In order to generate mainstream media coverage for your business, you need detailed knowledge of how much priority they’ll give you. The reality is that for small business, it’s limited. Don’t let that dissuade you from getting in contact with a journalist, instead let it inform how you go about it. 

Think of the media’s priority like an aeroplane. There are three classes in which a passenger can travel (or receive coverage): first, business and economy. Although unlike an airline, first class news coverage is not desirable.

First Class Stories

These are stories that simply cannot wait to be broadcast. Media organisations rush to report the events without knowing full detail. The story develops as the coverage continues, with new (or corrected) information being injected throughout. The knifing of a Prime Minister or a terrorist attack being two examples.

As a small business you don’t want to find yourself in this space, unless you stuff-up or a journalist has found some dirt on you or your business you won’t be. If suddenly journalists are in contact at a rate-of-knots, be cautious and brace for it. Typically though, if you’re not corrupt, dodgy or a charlatan you’ll be fine.

Business Class Stories

Business class stories are important to know but you don’t have to know them right away. The slashing of 180 jobs at a regional company is big news but not many need to know it ASAP. The media will take a more considered approach to this coverage and time will be given to research and fact check before a story is broadcast.

It’s possible to get media traction here but your story must have wider appeal and for a small business that’s doubtful.

Economy Class Stories

Ever seen a Kim Kardashian story during prime time news?
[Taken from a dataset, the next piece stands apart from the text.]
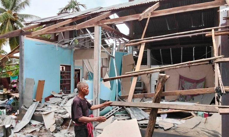 처참한 현장 25일(현지시간) 캄보디아와 국경을 맞대고 있는 태국 우본라차타니주에서 전날 있었던 양국 간 교전으로 파괴된 주택을 한 남성이 살펴보고 있다. 우본라차타니=신화연합뉴스

Congratulations, you’ve not only wasted your time but witnessed an economy class story. These stories appeal to some but not others. Like an aeroplane, most media will be seating down back in economy. These stories fill a void and supplement First and Business Class stories – providing colour to offset the more heavy-hitting news.

This does not mean your media is consigned to row 140 near the toilet, economy class stories can still get great media exposure. Since the emergence of the digital age, news rooms have changed. News coverage is expected (and wanted) 24 hours a day, yet journalism numbers are shrinking.

This means fewer journalists are required to do more work. For you, this is a great outcome. Journalists are searching for economy class stories because fortunately there aren’t enough disasters to fill a whole news service.

Your opportunity for media coverage is here. Producing economy class stories should be easy. Remember, your media story is not about you or your product, it’s about how it benefits consumers of that media. If you sell the narrative and not the brand or product, half the job is done.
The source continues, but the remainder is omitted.